The Senate isn’t known for moving quickly, but Senate Majority Leader John Thune, R-S.D., is hoping to defy that reputation. His goal is to pass his chamber’s version of the GOP megabill with enough time to have it on President Donald Trump’s desk by July 4. The looming task for the GOP caucus leader will test how much power the Senate still maintains in the age of Trump.
Since becoming majority leader on Jan. 3, Thune has had to juggle numerous competing interests.
Since becoming majority leader on Jan. 3, Thune has had to juggle numerous competing interests. He’s had to negotiate strategy with his House counterpart, Speaker Mike Johnson, R-La., and the two haven’t always seen eye to eye. He’s had to keep his own caucus in line enough to get even Trump’s least qualified Cabinet nominees confirmed. And he’s had to placate the White House, not to mention the Department of Government Efficiency, even as the executive branch has tried to strip power from the legislature.
So far Thune has rolled with the punches. There were no embarrassing floor defeats for Trump’s appointees, the federal government remains funded through September, and the House and the Senate eventually landed on a budget strategy focused on packing everything into a single bill. The megabill presents its own set of challenges, though, as competing factions within Thune’s caucus hope to reshape the House bill.
On the one side there are the so-called Medicaid moderates who are hoping to reverse many of the House’s changes and cuts to the program. As Politico noted, the group spans ideologies “ranging from conservative Josh Hawley of Missouri to centrist Susan Collins of Maine.” On the other side, you have senators like Ron Johnson of Wisconsin and Rand Paul of Kentucky who think the “One Big Beautiful Bill Act” doesn’t cut nearly enough spending.

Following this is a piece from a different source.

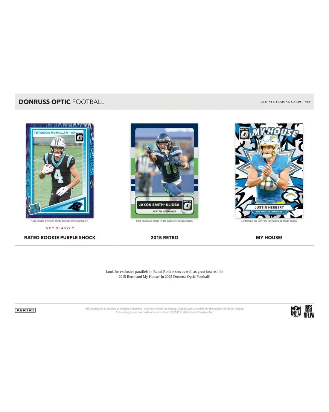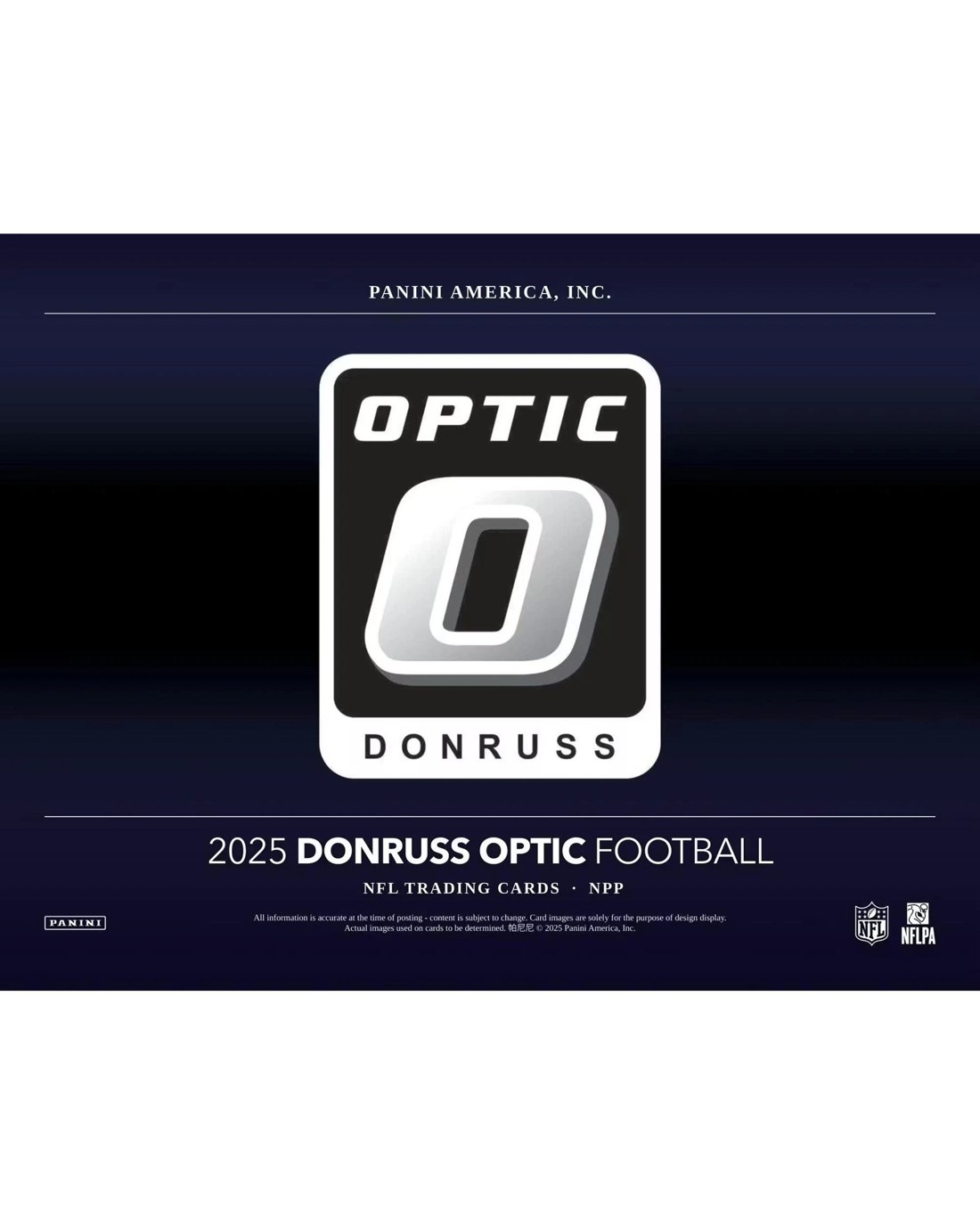 Look For Autographs! Search For Memorabilia Cards! Find SSP Downtown Inserts! Search For Rookie Kings Inserts! Find Blaster Exclusive Purple Shock Parallels! Cam Ward Travis Hunter Ashton Jeanty Jaxson Dart Shedeur Sanders Abdul Carter Tetairoa McMillan Colston Loveland Omarion Hampton Tyler Warren Emeka Egbuka Matthew Golden The collecting staple that is Donruss Football meets Optichrome technology once again in 2025 to create the fan-favorite Donruss Optic Football! Find Ultra-Rare, highly sought-after Downtowns! Look for Purple Shock parallels, only found in NPP Exclusive Blaster! 2025 Donruss Optic Football features a great insert lineup, including Sunday Kings, Downtown and Rookie Kings! Look for exclusive parallels in Rated Rookie sets as well as great inserts like 2015 Retro and My House! In 2025 Donruss Optic Football!

Thune can lose, at most, only three Republican votes before Vice President JD Vance must break a tie, leaving him stuck between a rock and a hard place.
It’s not like Thune is entirely untested in the Senate, though. He’s serving his fourth term, having taken up his seat 20 years ago by unseating Democratic Majority Leader Tom Daschle. Moreover, he’s spent the last six years as the GOP caucus whip, effectively serving as former GOP leader Mitch McConnell’s second-in-command and chief vote counter. And as he showed in a well-executed bit of parliamentary maneuvering last month, Thune has clearly developed a sense of the chamber’s intricacies over that time.